DESCRIPTION OF THE TASK =
Lines from the one with "Hermosillo, Sonora.- Asímismo, algunas" up to and including the one with "キルティング生地にモノグラムパーツが映える上品な印象のカードケース。" are to be copied exactly from the records below, without their pictures.

DATA IN THIS EXERCISE =
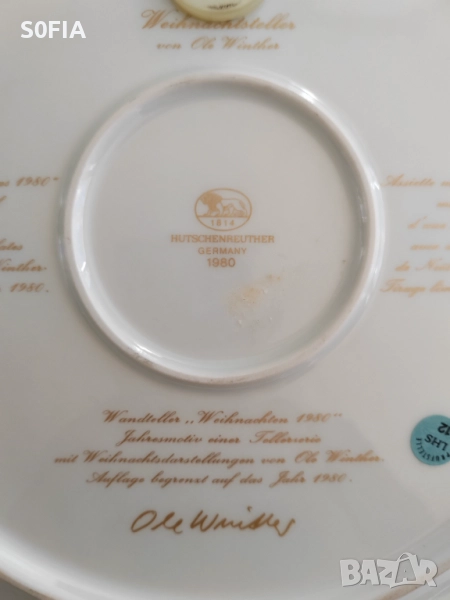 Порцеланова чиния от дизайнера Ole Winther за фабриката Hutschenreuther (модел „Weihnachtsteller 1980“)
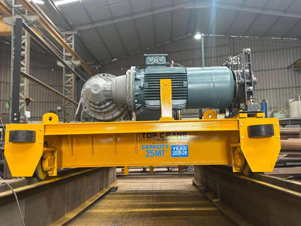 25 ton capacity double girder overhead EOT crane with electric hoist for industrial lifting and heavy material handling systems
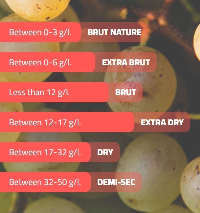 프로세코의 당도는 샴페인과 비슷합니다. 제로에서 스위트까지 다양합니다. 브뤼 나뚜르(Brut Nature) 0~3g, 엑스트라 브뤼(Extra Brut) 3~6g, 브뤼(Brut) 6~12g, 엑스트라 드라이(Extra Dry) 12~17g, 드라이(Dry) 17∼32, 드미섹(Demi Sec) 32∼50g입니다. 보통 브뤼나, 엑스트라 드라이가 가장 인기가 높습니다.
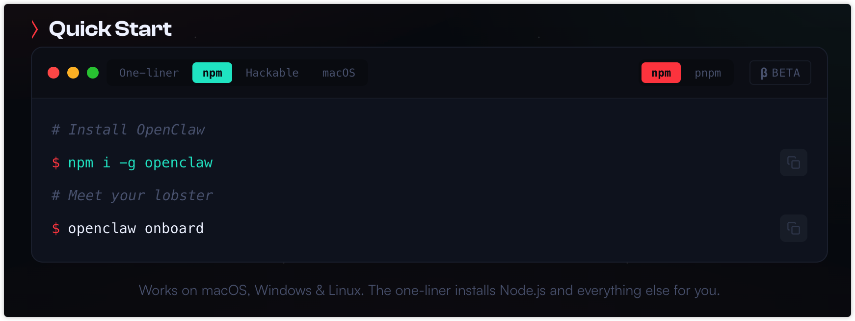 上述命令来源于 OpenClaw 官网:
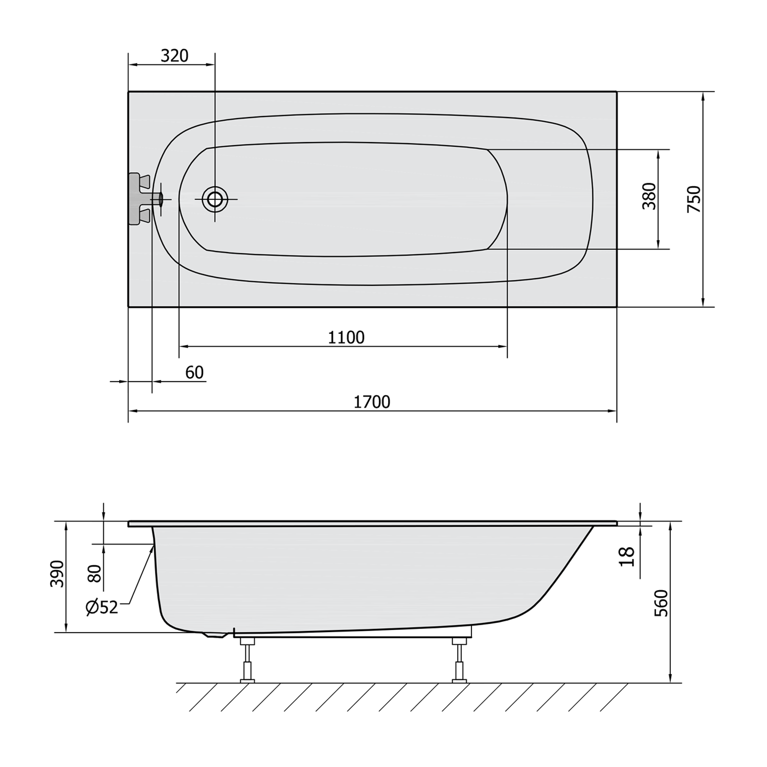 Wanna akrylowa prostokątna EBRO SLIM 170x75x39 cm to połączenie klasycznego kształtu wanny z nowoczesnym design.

==

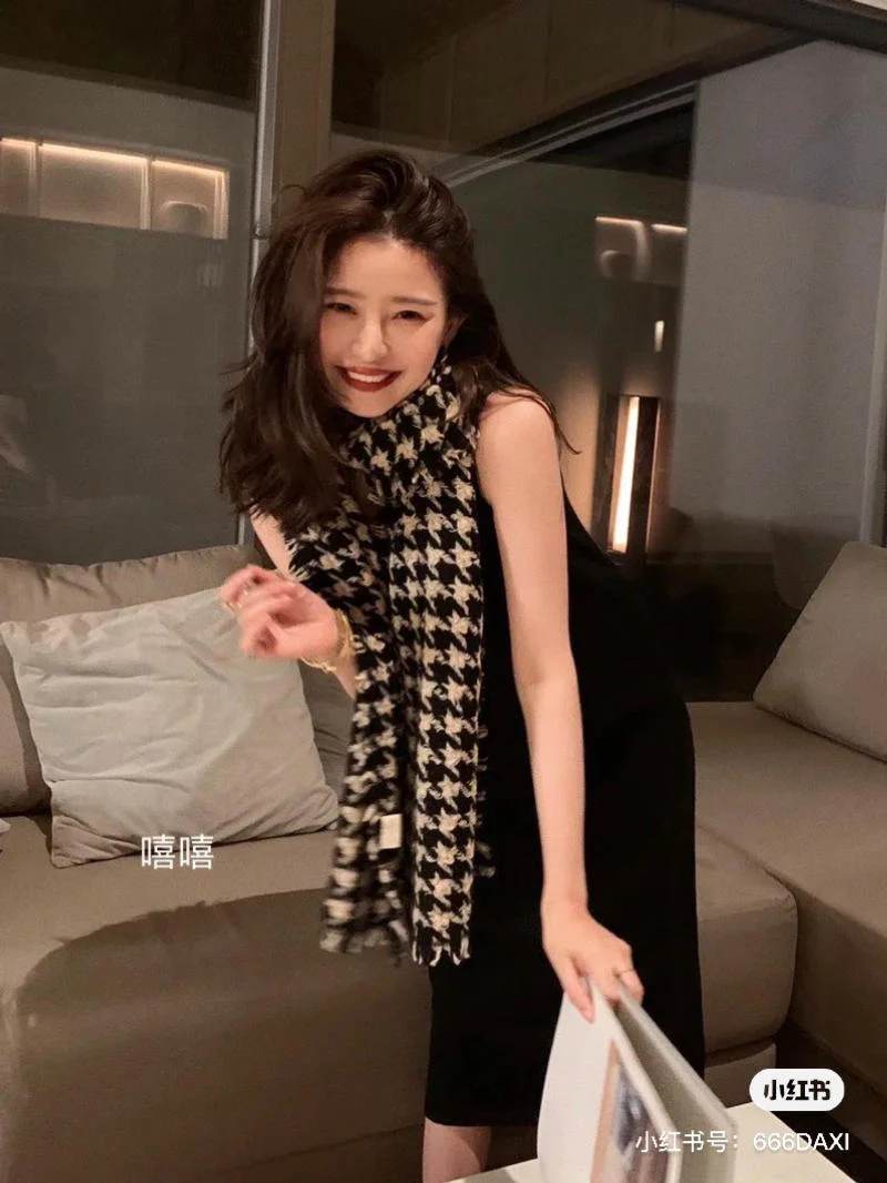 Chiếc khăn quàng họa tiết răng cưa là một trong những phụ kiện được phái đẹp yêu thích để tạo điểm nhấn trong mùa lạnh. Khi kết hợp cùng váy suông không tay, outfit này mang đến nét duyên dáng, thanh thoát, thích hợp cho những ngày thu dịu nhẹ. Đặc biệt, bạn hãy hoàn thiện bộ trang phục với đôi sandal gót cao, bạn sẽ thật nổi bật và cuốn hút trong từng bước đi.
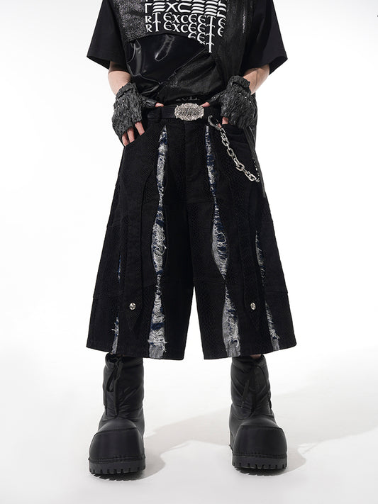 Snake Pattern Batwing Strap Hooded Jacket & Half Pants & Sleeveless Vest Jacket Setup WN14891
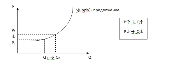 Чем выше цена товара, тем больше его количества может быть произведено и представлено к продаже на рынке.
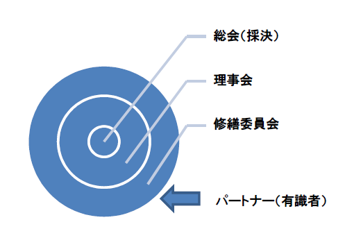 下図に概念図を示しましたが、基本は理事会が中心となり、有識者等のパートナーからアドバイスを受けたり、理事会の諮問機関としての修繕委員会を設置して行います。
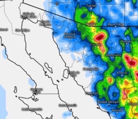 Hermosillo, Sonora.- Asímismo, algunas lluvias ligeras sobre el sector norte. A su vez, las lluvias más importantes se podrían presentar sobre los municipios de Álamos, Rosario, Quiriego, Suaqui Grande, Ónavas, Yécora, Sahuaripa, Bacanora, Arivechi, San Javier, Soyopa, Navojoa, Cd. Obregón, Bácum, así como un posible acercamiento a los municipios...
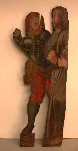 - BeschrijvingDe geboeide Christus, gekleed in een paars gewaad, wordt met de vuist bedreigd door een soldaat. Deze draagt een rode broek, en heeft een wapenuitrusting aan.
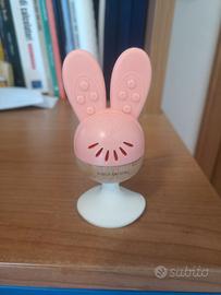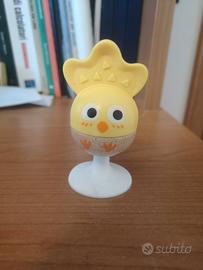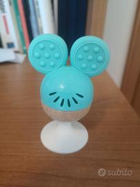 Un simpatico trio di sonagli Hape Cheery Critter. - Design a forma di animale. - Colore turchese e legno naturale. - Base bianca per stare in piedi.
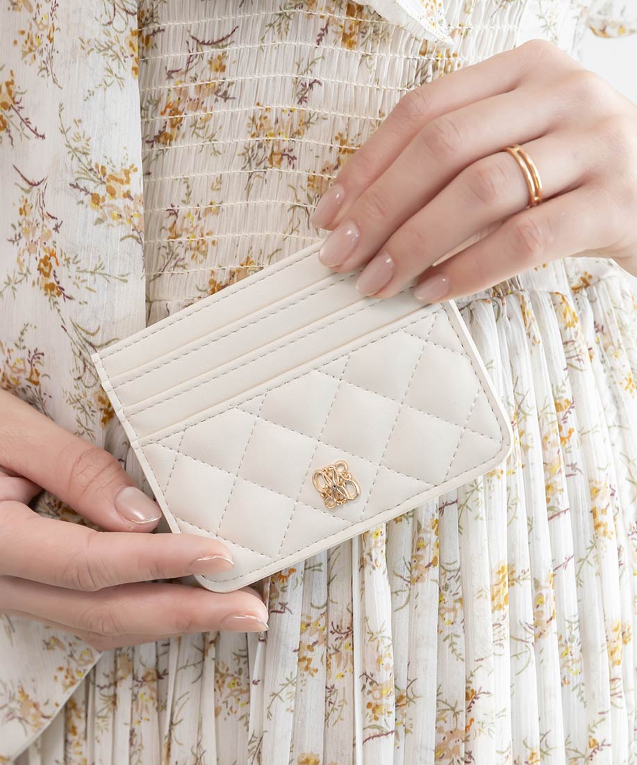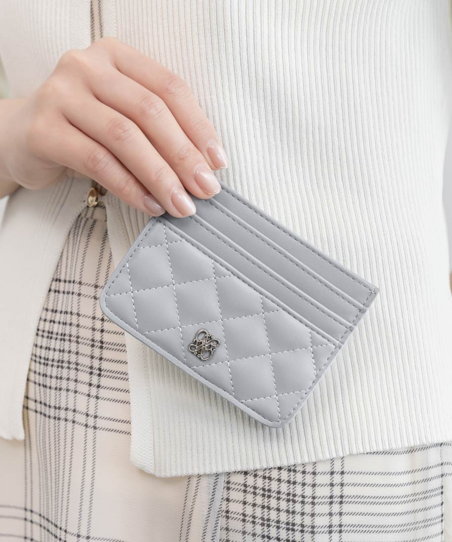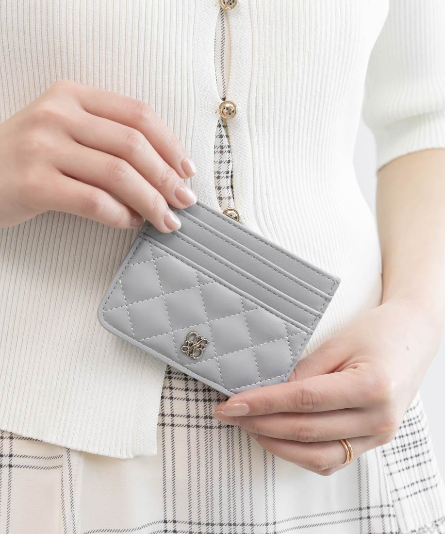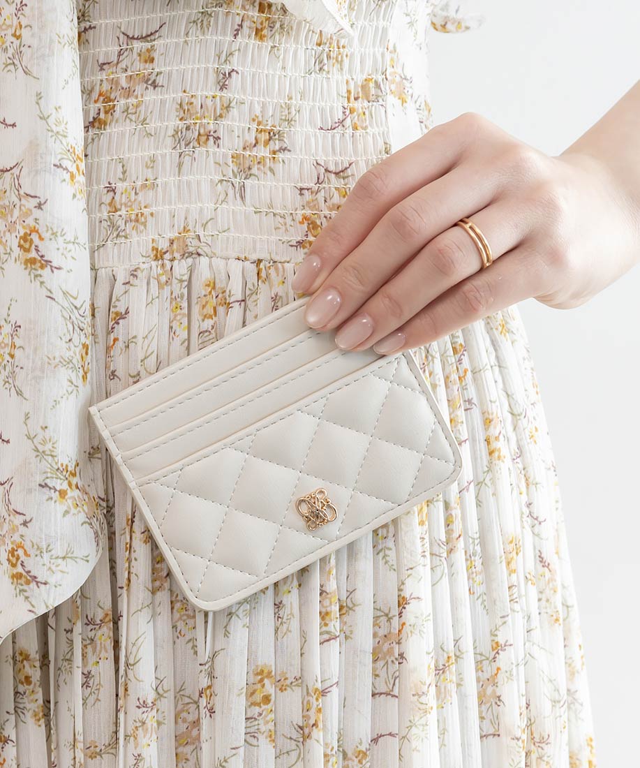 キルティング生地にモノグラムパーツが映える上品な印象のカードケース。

...

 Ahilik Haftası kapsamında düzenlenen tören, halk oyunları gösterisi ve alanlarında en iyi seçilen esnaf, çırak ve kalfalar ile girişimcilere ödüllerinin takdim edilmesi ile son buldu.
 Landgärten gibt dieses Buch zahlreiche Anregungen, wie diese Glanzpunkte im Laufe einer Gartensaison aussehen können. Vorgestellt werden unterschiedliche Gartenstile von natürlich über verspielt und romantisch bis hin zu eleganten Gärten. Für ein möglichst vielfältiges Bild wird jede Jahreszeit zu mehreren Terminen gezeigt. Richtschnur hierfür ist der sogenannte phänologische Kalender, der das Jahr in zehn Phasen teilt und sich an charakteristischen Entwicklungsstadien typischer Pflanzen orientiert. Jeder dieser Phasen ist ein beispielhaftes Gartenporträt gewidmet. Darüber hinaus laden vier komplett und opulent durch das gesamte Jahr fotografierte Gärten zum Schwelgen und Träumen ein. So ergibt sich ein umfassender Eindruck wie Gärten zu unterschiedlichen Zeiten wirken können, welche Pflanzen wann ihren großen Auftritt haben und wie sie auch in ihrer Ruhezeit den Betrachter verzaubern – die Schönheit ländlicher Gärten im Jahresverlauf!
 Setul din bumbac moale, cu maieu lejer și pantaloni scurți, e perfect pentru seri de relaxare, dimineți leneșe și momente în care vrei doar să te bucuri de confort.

EXERCISE OUTPUT =
 Hermosillo, Sonora.- Asímismo, algunas lluvias ligeras sobre el sector norte. A su vez, las lluvias más importantes se podrían presentar sobre los municipios de Álamos, Rosario, Quiriego, Suaqui Grande, Ónavas, Yécora, Sahuaripa, Bacanora, Arivechi, San Javier, Soyopa, Navojoa, Cd. Obregón, Bácum, así como un posible acercamiento a los municipios...
 - BeschrijvingDe geboeide Christus, gekleed in een paars gewaad, wordt met de vuist bedreigd door een soldaat. Deze draagt een rode broek, en heeft een wapenuitrusting aan.
 Un simpatico trio di sonagli Hape Cheery Critter. - Design a forma di animale. - Colore turchese e legno naturale. - Base bianca per stare in piedi.
 キルティング生地にモノグラムパーツが映える上品な印象のカードケース。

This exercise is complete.